On Tue, Jul 31, 2018, 3:49 AM Markus Wichmann, <nullplan@gmx.net> wrote:
On Mon, Jul 30, 2018 at 11:09:05AM -0400, Christopher Friedt wrote:
> I wrote it originally for using on the kernel-side of an rtos, but it could
> easily be extended to make a syscall when a process runs out of ram.
>
> Obviously, a shortcoming is that the memory blocks must be PoT and there is
> the potential for fragmentation. Otherwise though, the meta-information is
> intrinsic within the pointer, which obliviates the need for external
> storage.
>

That does sound interesting, but I don't really follow. The meta-info
which we need to save is the length of the object returned. How can you
encode that in the pointer without any external storage? Using internal
storage? Yeah, that is where we are right now, and that means there's
only one buffer overflow between us and oblivion at any given time.

Or do you essentially have a large block of memory, with one area for
the 16-byte objects, one for the 32-byte ones, &c. But then what do you
do if your given area runs out and the application still wants more?

https://en.wikipedia.org/wiki/Buddy_memory_allocation

The 'bins' do overlap (e.g. a 64 byte chunk can also be used as 2 32-byte chunks or "buddies"), but their size (when using a bitmap for metadata) is encoded by the position of the bit in the map. This also encodes if a parent (or child) of a specific memory region is already in use or free.

My original implementation was for an rtos with a compile-time-fixed memory size. In user space (since doubling ram usage is obviously bad) it would be best to use some container (e.g. an interval tree) to contain buddy-malloc nodes and general slabs of mmap. Current usage, a configurable fragmentation threshold, and the system pagesize, would determine if an allocation would use an existing buddy-malloc node, a new buddy-malloc node (PoT # of pages) or a sequence of pages. Pages would, of course, be allocated with mmap.

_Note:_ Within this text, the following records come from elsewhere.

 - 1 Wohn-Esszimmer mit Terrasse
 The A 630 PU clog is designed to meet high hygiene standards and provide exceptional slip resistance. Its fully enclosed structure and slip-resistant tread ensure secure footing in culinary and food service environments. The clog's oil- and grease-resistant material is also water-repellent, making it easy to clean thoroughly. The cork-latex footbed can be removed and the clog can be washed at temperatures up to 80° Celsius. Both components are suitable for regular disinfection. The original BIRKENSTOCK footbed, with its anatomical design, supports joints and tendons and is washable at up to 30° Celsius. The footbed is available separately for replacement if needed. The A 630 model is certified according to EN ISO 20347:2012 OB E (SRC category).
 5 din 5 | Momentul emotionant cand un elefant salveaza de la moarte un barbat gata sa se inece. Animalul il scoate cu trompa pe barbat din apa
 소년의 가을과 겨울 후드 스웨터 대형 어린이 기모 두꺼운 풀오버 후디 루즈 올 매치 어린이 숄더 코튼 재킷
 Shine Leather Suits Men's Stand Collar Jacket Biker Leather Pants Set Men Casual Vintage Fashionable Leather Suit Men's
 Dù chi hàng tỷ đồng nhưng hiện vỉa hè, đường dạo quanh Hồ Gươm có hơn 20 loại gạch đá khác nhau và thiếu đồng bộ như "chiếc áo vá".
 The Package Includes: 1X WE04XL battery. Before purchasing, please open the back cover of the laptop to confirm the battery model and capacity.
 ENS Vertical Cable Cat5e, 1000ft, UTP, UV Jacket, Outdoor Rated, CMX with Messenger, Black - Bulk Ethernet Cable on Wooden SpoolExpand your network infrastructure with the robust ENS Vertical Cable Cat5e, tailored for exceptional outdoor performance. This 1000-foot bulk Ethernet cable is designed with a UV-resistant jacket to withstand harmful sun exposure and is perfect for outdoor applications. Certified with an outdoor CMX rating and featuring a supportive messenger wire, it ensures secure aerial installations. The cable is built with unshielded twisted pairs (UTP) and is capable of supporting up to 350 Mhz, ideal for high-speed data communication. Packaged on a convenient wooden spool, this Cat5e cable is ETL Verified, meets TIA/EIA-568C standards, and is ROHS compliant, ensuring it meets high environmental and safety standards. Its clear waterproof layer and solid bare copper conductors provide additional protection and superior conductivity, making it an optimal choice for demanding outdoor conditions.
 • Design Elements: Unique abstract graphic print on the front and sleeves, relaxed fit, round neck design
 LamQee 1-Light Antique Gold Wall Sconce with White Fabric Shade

I've personally not implemented malloc debugging for a buddy allocator though, since bits are precious enough, and there is no fundamental requirement for it, although technically, it would mean adding some padding with a computable bit pattern. I suppose if checking is enabled, it can be run before free(3) returns or before realloc(3) does anything. A global check on every function call would be more thorough, but obviously more expensive.